-------- INFORMATION PROVIDED --------
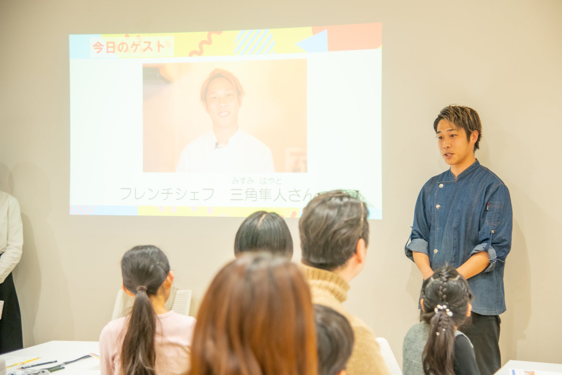 第1回目の「ガチスキ!學エン」では、フレンチシェフとして活躍する三角隼人さんにご登壇いただき、人生ストーリーを交えながら、どうやってプロのフレンチシェフになったのか?挫折や人生の転機などを伺いつつ、三角シェフのガチで好きなことである“お菓子作り”を子どもたちにも体験してもらいました。
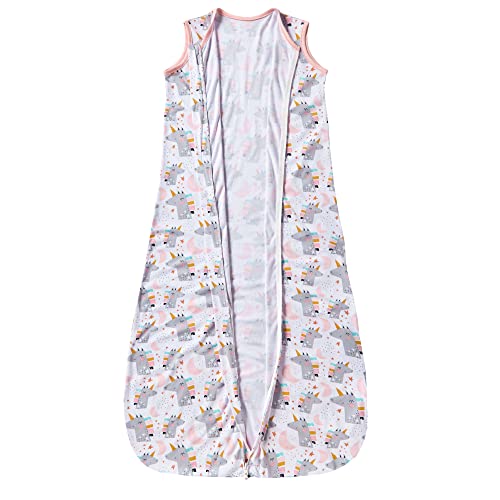 SCHLABIGU Babyzomerslaapzak 0,5 TOG, kinderzomerslaapzak voor meisjes en jongens, babyslaapzak 130 cm (roze dier, 3-6 jaar)
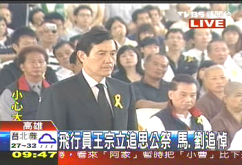 馬英九23日出席在“88”水災(zāi)救援任務(wù)中殉職的臺灣“空中勤務(wù)總隊”飛行員王宗立追思公祭,頒發(fā)褒揚令并慰問家屬。圖片來源:臺灣TVBS電視臺
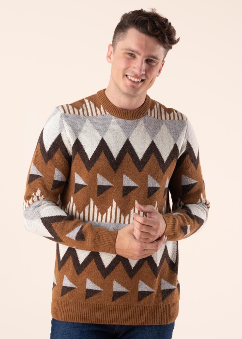 Vintage stila Esprit džemperis ar simetrisku rakstu un augstu vilnas saturu, nodrošinot siltumu un komfortu visas dienas garumā. Modeļa augums 195 cm, valkā L izmēru.
--------
__WORK INSTRUCTION__. Restate the data word for word from its first line through the line with "SCHLABIGU Babyzomerslaapzak 0,5", leaving out any picture along the way.

__EXERCISE RESPONSE__.
 第1回目の「ガチスキ!學エン」では、フレンチシェフとして活躍する三角隼人さんにご登壇いただき、人生ストーリーを交えながら、どうやってプロのフレンチシェフになったのか?挫折や人生の転機などを伺いつつ、三角シェフのガチで好きなことである“お菓子作り”を子どもたちにも体験してもらいました。
 SCHLABIGU Babyzomerslaapzak 0,5 TOG, kinderzomerslaapzak voor meisjes en jongens, babyslaapzak 130 cm (roze dier, 3-6 jaar)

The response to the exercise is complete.